Amazon Studios is inviting filmmakers and screenwriters around the world to submit full-length test movies and scripts. Amazon Studios will offer a total of $2.7 million to the top submissions received by December 31, 2011, including prizes for the 2011 Annual Awards, with $100,000 for the best script and $1 million for the best movie, and monthly awards of $100,000 for best test movie and $20,000 for best script. The best projects will be developed into features for commercial release. Warner Bros. Pictures will have first access to the projects Amazon Studios wishes to produce in cooperation with an outside studio. (If Warner Bros. Pictures passes, Amazon can take the selected project to another studio.) If a feature is released, the individual who submitted the script or test movie will receive a rights payment of $200,000; if the movie makes over $60 million at the U.S. box office, the original filmmaker or screenwriter will receive a $400,000 bonus.

“We are excited to introduce writers, filmmakers and movie lovers to Amazon Studios,” said Roy Price, director of digital product development at Amazon. "Full-length test movies will show stories up on their feet and attract helpful feedback at an early stage. We hope that Amazon Studios will help filmmakers experiment and collaborate and we look forward to developing hit movies.”

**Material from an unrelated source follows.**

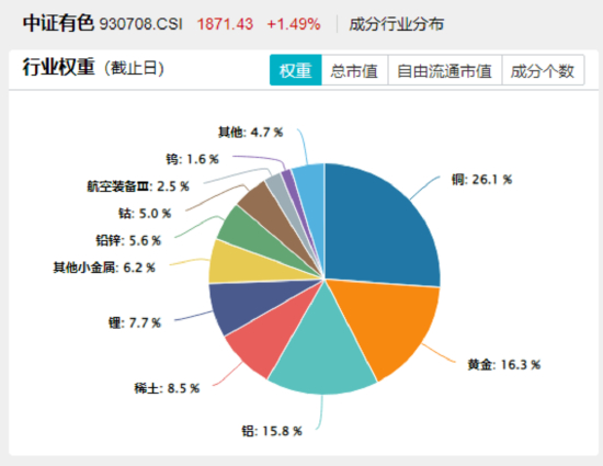 未来产业‘金属心脏’,现代工业‘黄金血液’!按照申万三级行业口径,截至6月底,有色龙头ETF(159876)及其联接基金(A类:017140,C类:017141)被动跟踪的中证有色金属指数中,铜、黄金、铝、稀土、锂行业权重占比分别为26.1%、16.3%、15.8%、8.5%、7.7%,相对于投资单一金属行业,能够起到分散风险的作用,适合作为投资组合的一部分进行配置。

Winning screenplays and full-length test movies will be selected on the basis of commercial viability. Industry panelists who will assess the projects include Jack Epps, Jr., screenwriter and chair of the writing division at the USC School of Cinematic Arts; producer Mark Gill, a former president of Miramax and Warner Independent Pictures; screenwriter Mike Werb; and Michael Taylor, producer and chair of the production division of the USC School of Cinematic Arts.